What you should repeat is the run of lines from the top of the listing below through the line with "My friend, Karen, who", exactly, with no pictures.

* _DATA BLOCK_
+++++
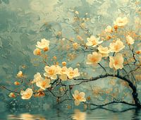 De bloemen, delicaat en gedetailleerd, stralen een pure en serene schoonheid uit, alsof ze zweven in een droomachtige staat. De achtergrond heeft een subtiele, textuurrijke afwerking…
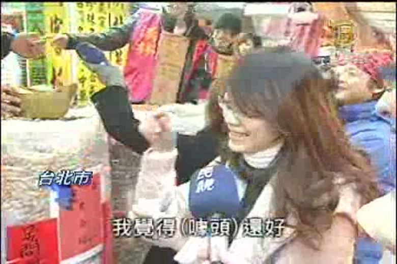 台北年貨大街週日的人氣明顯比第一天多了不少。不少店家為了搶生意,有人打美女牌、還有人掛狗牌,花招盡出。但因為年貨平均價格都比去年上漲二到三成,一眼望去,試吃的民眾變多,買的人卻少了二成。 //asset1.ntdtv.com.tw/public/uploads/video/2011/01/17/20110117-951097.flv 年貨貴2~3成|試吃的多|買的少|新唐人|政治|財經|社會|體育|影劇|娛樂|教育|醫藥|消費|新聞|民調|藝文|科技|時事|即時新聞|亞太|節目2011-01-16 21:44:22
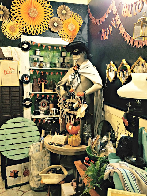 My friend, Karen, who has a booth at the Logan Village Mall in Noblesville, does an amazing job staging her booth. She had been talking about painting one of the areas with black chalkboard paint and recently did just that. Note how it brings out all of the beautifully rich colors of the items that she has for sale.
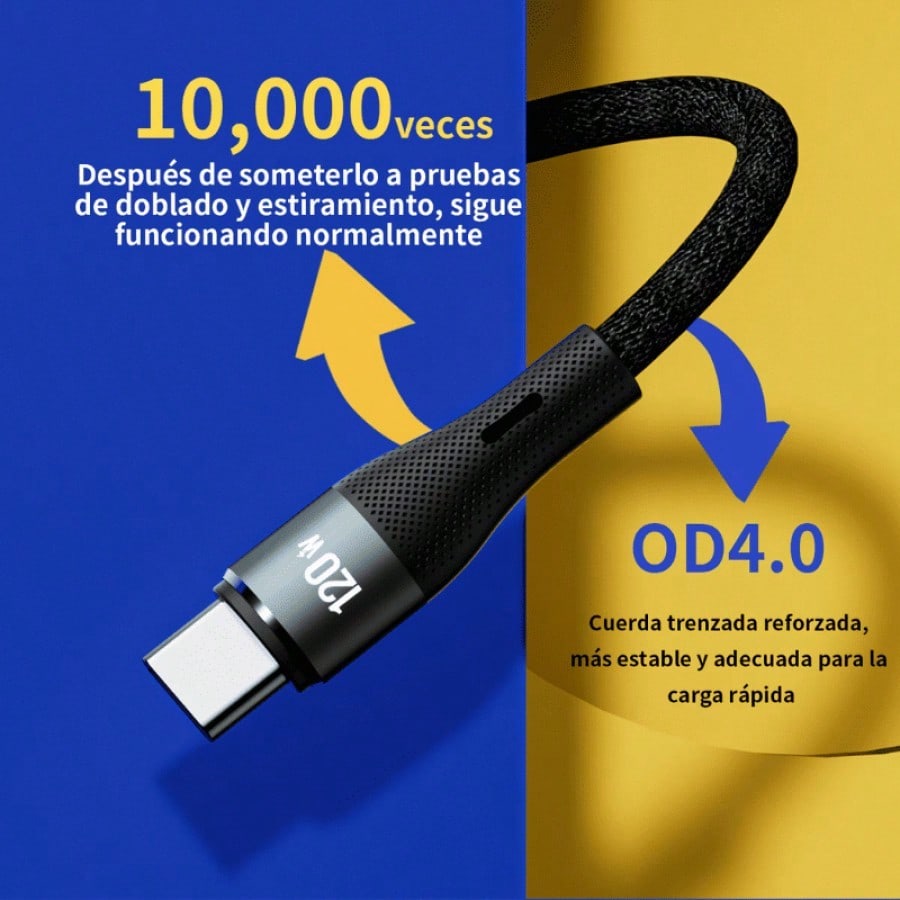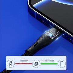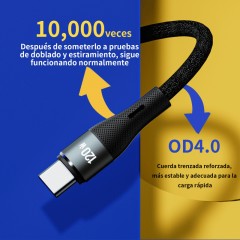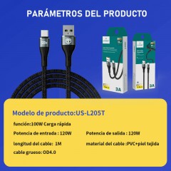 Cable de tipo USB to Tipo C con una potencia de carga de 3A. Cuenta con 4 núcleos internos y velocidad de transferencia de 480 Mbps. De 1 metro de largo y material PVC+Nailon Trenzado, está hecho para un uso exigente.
+++++
* _YOUR SOLUTION_
 De bloemen, delicaat en gedetailleerd, stralen een pure en serene schoonheid uit, alsof ze zweven in een droomachtige staat. De achtergrond heeft een subtiele, textuurrijke afwerking…
 台北年貨大街週日的人氣明顯比第一天多了不少。不少店家為了搶生意,有人打美女牌、還有人掛狗牌,花招盡出。但因為年貨平均價格都比去年上漲二到三成,一眼望去,試吃的民眾變多,買的人卻少了二成。 //asset1.ntdtv.com.tw/public/uploads/video/2011/01/17/20110117-951097.flv 年貨貴2~3成|試吃的多|買的少|新唐人|政治|財經|社會|體育|影劇|娛樂|教育|醫藥|消費|新聞|民調|藝文|科技|時事|即時新聞|亞太|節目2011-01-16 21:44:22
 My friend, Karen, who has a booth at the Logan Village Mall in Noblesville, does an amazing job staging her booth. She had been talking about painting one of the areas with black chalkboard paint and recently did just that. Note how it brings out all of the beautifully rich colors of the items that she has for sale.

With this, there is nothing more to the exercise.